Nissan Motor Co unveiled a new prototype electric vehicle yesterday with batteries twice as powerful as conventional technology, aiming to take a lead in environmentally friendly cars.
Japan’s third-largest automaker said the front-wheel drive, boxy-shaped car has a newly developed 80 kilowatt motor with advanced lithium-ion batteries installed under the vehicle’s floor to avoid taking up space.
The laminated batteries, jointly developed with electronics giant NEC Corp, pack twice the electric power of conventional nickel-metal hydride batteries currently used in hybrid and electric cars, it said.
PHOTO: AFP
Nissan aims to start selling an electric car in the US and Japan in 2010 and the rest of the world in 2012. It will have a new “unique bodystyle” that is not based on any existing model, the company said.
Nissan has been slower than rivals Toyota Motor Corp and Honda Motor Co to embrace gasoline-electric hybrids, but it aims to become the industry leader in electric vehicles.
Such cars have so far failed to break into the mainstream, partly because of their limited battery life.
Nissan is also developing hydrogen fuel-cell cars as well as its own hybrid system, betting that zero-emission vehicles will take a 15 percent share of the global auto market in the future.
The company also unveiled a prototype hybrid which will also be launched in the US and Japan in 2010, as well as a new, slimmer fuel cell stack with double the power density of previous ones and 35 percent lower costs.
In related news, GS Yuasa Corp, Mitsubishi Motor Corp and Mitsubishi Corp said they have purchased a factory to produce lithium-ion batteries to meet rising demand for electric vehicles.
The factory, which will begin operating early next fiscal year, will have an initial capacity of 200,000 lithium-ion batteries a year, the companies said jointly in a faxed statement yesterday. The capacity will eventually be raised five-fold, they said.
Mitsubishi Motors is aiming to be the first mass-producer of electric cars as stricter pollution rules and rising gasoline prices boost demand for fuel-efficient vehicles.

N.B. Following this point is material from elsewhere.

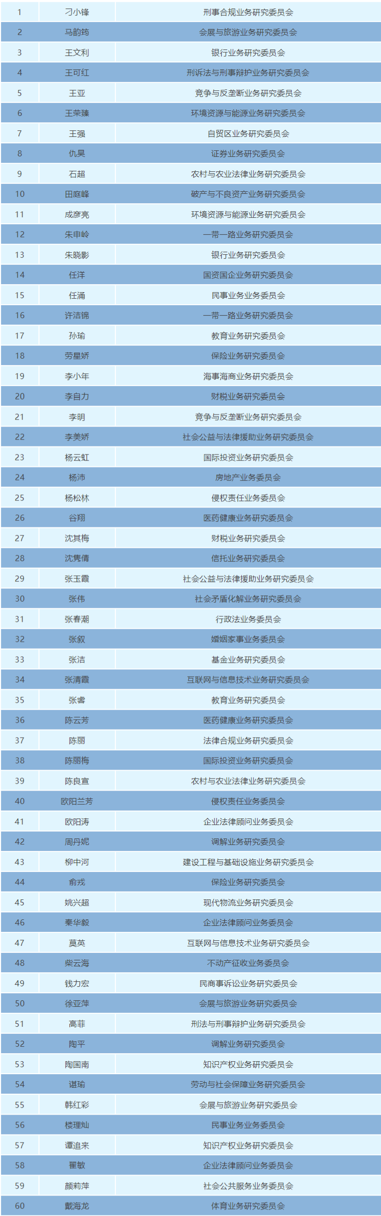 2019年9月29日から11月3日まで、上海弁護士会は第11期第8回会長会議の決定に従い、現行の経営調査委員会の設置数を当初の34名から52名に調整し、すべての個人会員を公募した。委員の募集に関しては、研究協会は、優れた政治的資質と優れた専門的能力を備えた弁護士をチームに集め、研究協会の参加と影響力を拡大し、上海弁護士業界全体のサービスの質と競争力をさらに向上させます。 2019年12月6日、第11期弁護士会第8回会長会議において、「第11期弁護士会業務調査会委員名簿」が審議され、承認されました。
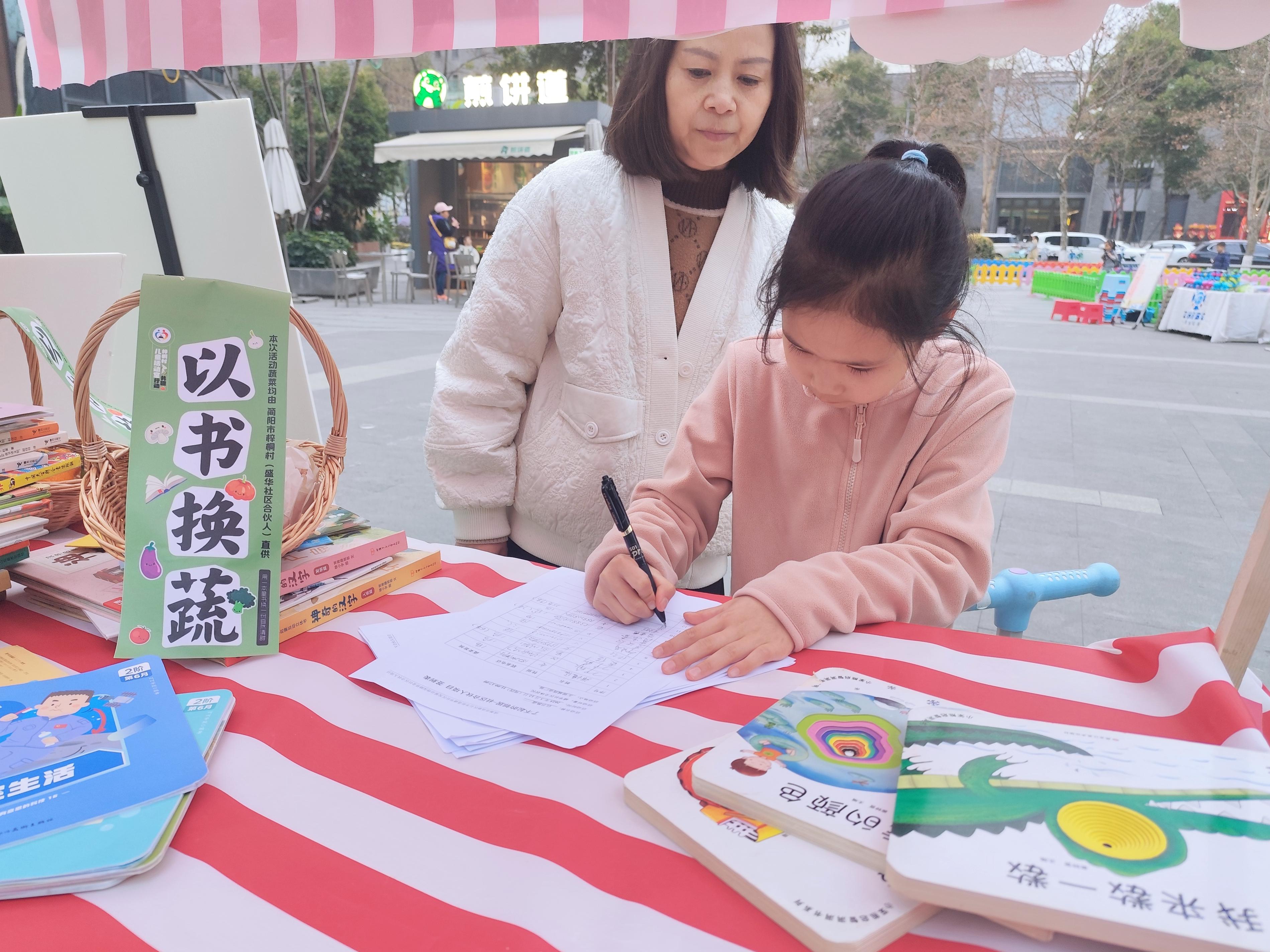 3月12日上午11点,汇锦城广场的“书摊”前围满了拎着图书的家长和孩子们。“这些读本是我家孩子很喜欢的一套绘本,内容生动有趣,我们也想把这套绘本送给村里的孩子们,让他们也能和自己家人一起阅读。”活动现场,一位妈妈说道,并让自己的孩子也挑选起了自己喜欢的蔬菜——这些时令蔬菜来自简阳市平泉街道梓桐村,早上8点才从地里摘下,10点已送到了盛华社区。社区居民木阿姨直接用推车拉了一箱的书来到了活动现场:“书太沉,有几次都推不动了,但一想到是捐给村里的孩子们,还是努力地推了过来。”更有不少居民朋友表示:“拿不拿蔬菜不要紧,主要是能为这样的公益活动出一份力。”仅一天时间,600多本童书和12件玩具“流动”到了置换点,它们将通过社区共建活动直抵梓桐村儿童之家。

At full production, the factory will make enough batteries annually for 10,000 electric cars, Mitsubishi Motors spokesman Kai Inada said yesterday in an interview.
Battery maker GS Yuasa spent about ¥2.5 billion (US$23.1 million) to acquire the land and factory in Shiga Prefecture, western Japan, Inada said.
The venture, called Lithium Energy Japan, will spend another ¥10 billion to increase production capacity, he said.
All of the factory’s batteries will be used in Mitsubishi Motors’ i MiEV electric minicars, which will be introduced next year.
The carmaker will initially sell 2,000 vehicles to fleet customers before starting retail sales a year later.